> **Work task**: Your answer must be an exact copy of the listing, with the images left out.

BEGIN Dataset section

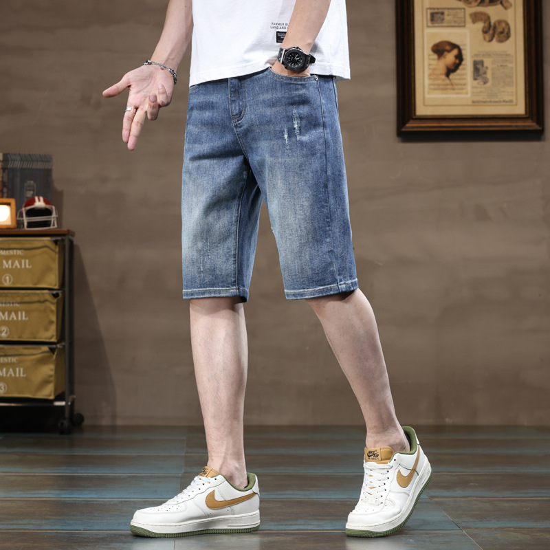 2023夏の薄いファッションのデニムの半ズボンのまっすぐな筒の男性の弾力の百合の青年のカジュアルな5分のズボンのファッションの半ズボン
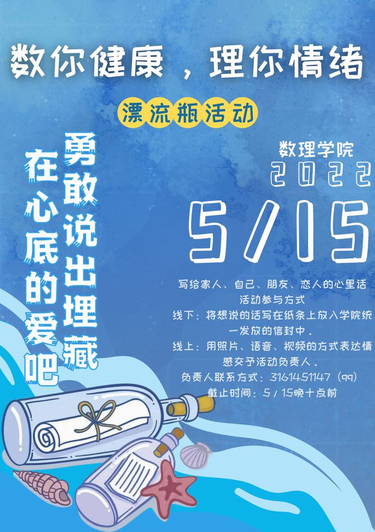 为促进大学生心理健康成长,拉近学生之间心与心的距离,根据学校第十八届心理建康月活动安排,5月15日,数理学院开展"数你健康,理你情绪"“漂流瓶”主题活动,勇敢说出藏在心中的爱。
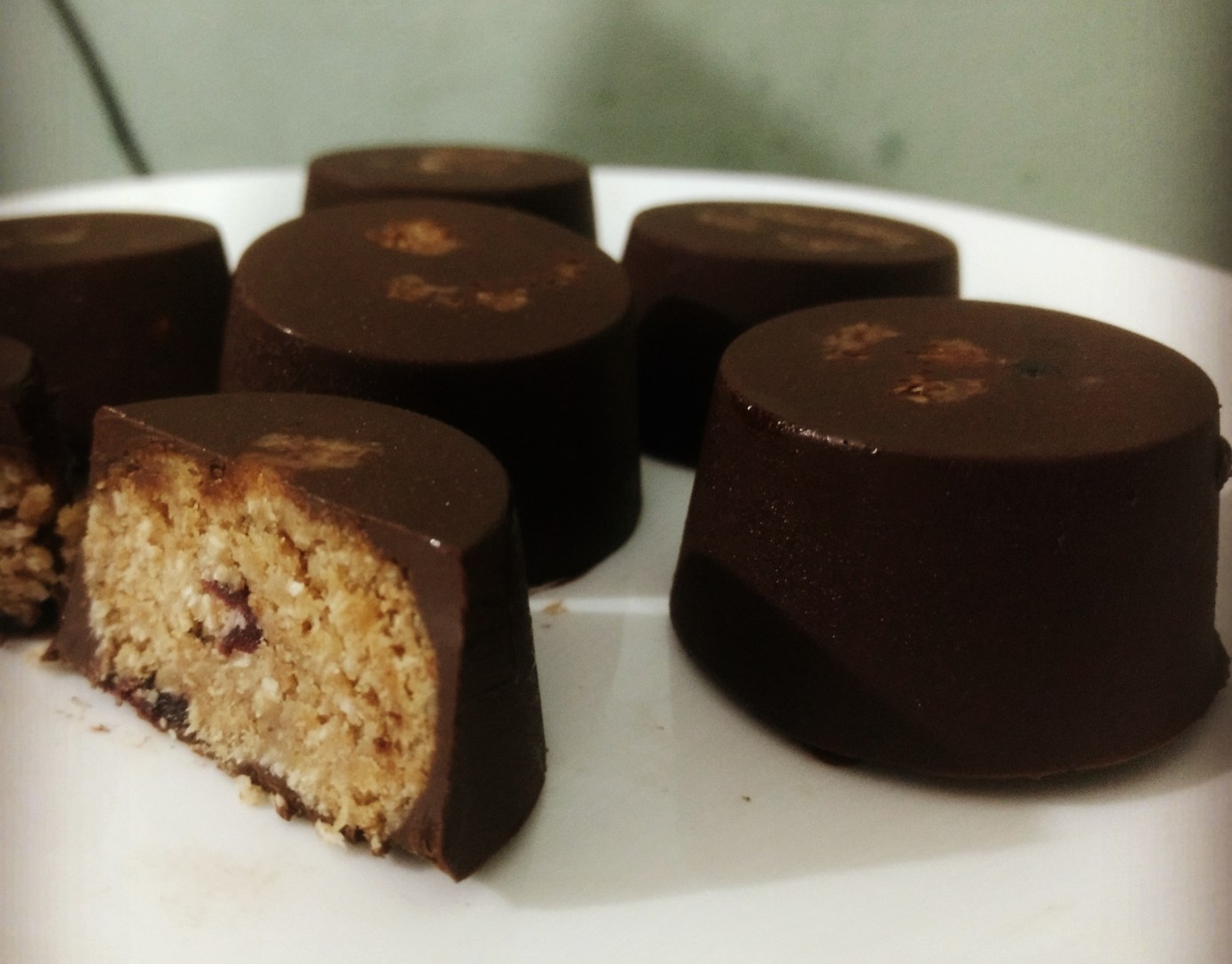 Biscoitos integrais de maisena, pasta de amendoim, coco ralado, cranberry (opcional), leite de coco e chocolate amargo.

END Dataset section

> **Written reply**:
 2023夏の薄いファッションのデニムの半ズボンのまっすぐな筒の男性の弾力の百合の青年のカジュアルな5分のズボンのファッションの半ズボン
 为促进大学生心理健康成长,拉近学生之间心与心的距离,根据学校第十八届心理建康月活动安排,5月15日,数理学院开展"数你健康,理你情绪"“漂流瓶”主题活动,勇敢说出藏在心中的爱。
 Biscoitos integrais de maisena, pasta de amendoim, coco ralado, cranberry (opcional), leite de coco e chocolate amargo.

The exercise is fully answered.